The Best Picture Winners: Around the World in 80 Days (1956)
Oscar’s 90th birthday is just around the corner and to celebrate, every other day from now through March 4th, I will be taking a look at each and every film selected for his top award – the good, the bad and the sometimes not-so deserving.
Michael Todd’s big ol’ elephantine reproduction of Jules Verne’s “Around the World in 80 Days” is like a slice of wedding cake; fluffy, overly-sweet, and containing no nutritional value what-so-ever. It’s superfluous, all frosting and sugar.
I can’t love the movie, but I understand its purpose for being. By the late 1950s, Hollywood was fighting the battle of the box.
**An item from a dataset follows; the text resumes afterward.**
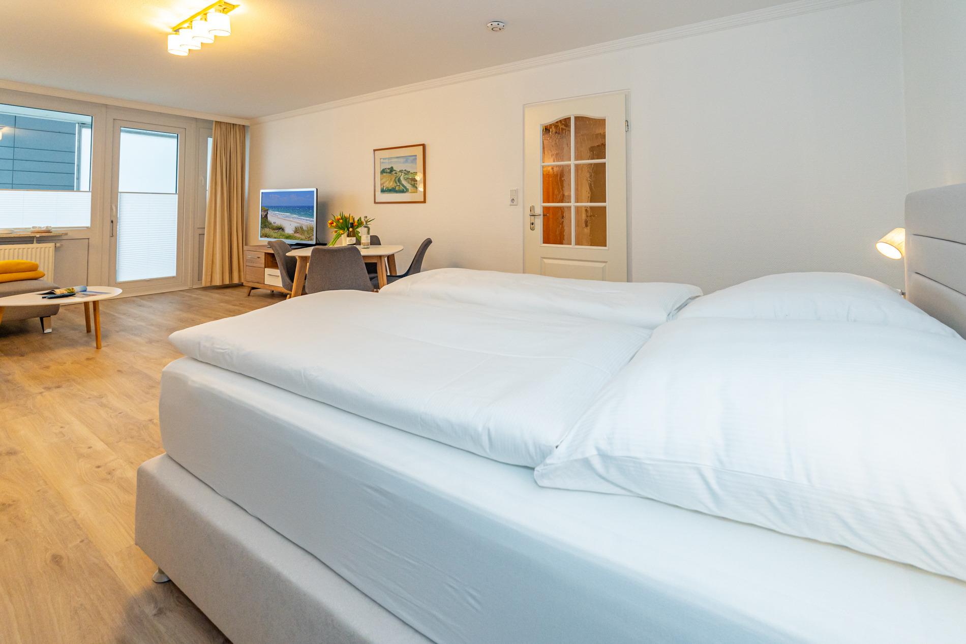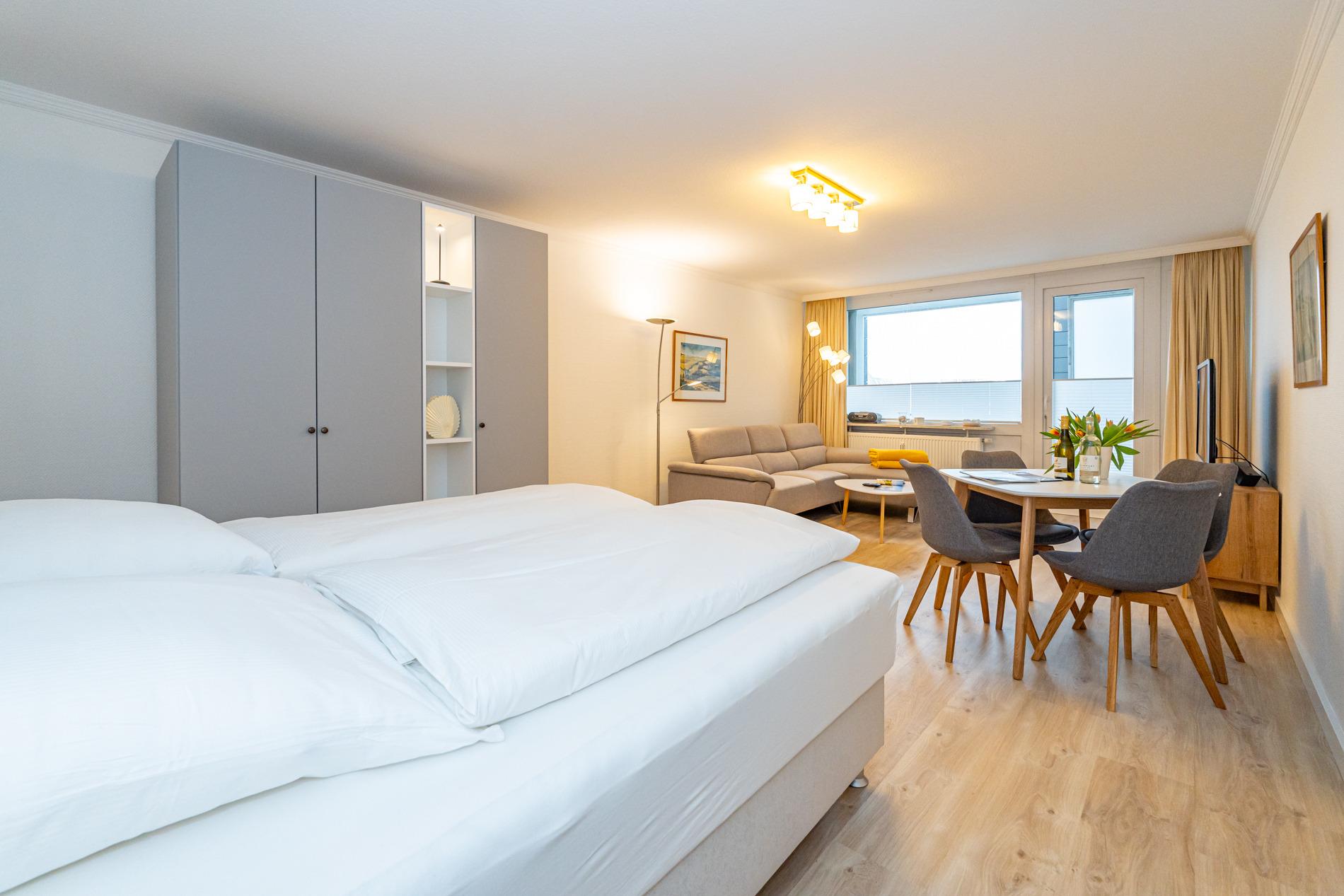 Das gut geschnittene Zimmer besteht aus einer komfortablen Couch, einem Essplatz, einem Doppelpolsterbett (durchgängige Matratze mit Topper), Kabel-Flachbild-TV.

The new phenomenon of television was keeping audiences at home and with that the studios sought to make bigger, grander epics that the minuscule medium of television couldn’t capture.
What history left us with would be some of the greatest epics ever made: Giant, The Ten Commandments, Bus Stop, Forbidden Planet, The Searchers, The King and I, Moby Dick, War and Peace. At the center was Todd’s Around the World in 80 Days which I suspect was made to take advantage of the new Cinemascope process. Anamorphic lenses allowed the process to project a film up to a 2.66:1 aspect ratio, twice as wide as the previous format which had been 1.37:1.
The result was the IMAX of its day; a larger screen, a larger picture and a fuller and more immersive experience. The process worked for what was put on the screen as spectacle, but as a story (as in the book) it’s all as light as a feather, a travelogue that follows the adventures of the punctiliously punctual Phileas Fogg (David Niven) and his ever-faithful manservant Passepartout (Cantinflas) on their celebrated journey around the globe, taking us to Spain, England, India, China, Japan, Pakistan, France and the United States but it isn’t much more than that.
We never really get to know Fogg at all, nor the other galaxy of characters that he meets along the way. Todd employed a galaxy of guest stars with recognizable faces like Charles Boyer, Peter Lorre, John Carradine, Frank Sinatra, Marlene Dietrich, Buster Keaton, Andy Devine, George Raft, Red Skelton and Shirley MacLaine, some with speaking roles and other just to stand around and be recognized. Most of these actors are given nothing to do, especially poor Shirley MacLaine who joins the journey after being rescued from a Thugee sacrifice and then spends the rest of the movie sitting to David Niven’s right and is hardly even given a line to speak until the film is nearly over.
As I said, it’s a light entertainment – too light, for my taste. There’s no meat on the bone. But I guess I shouldn’t expect it. When I read the book as a kid I was disappointed that the story didn’t have time to stop to develop a character. It’s was fun, but not a trip I’ve ever been willing to take a second time.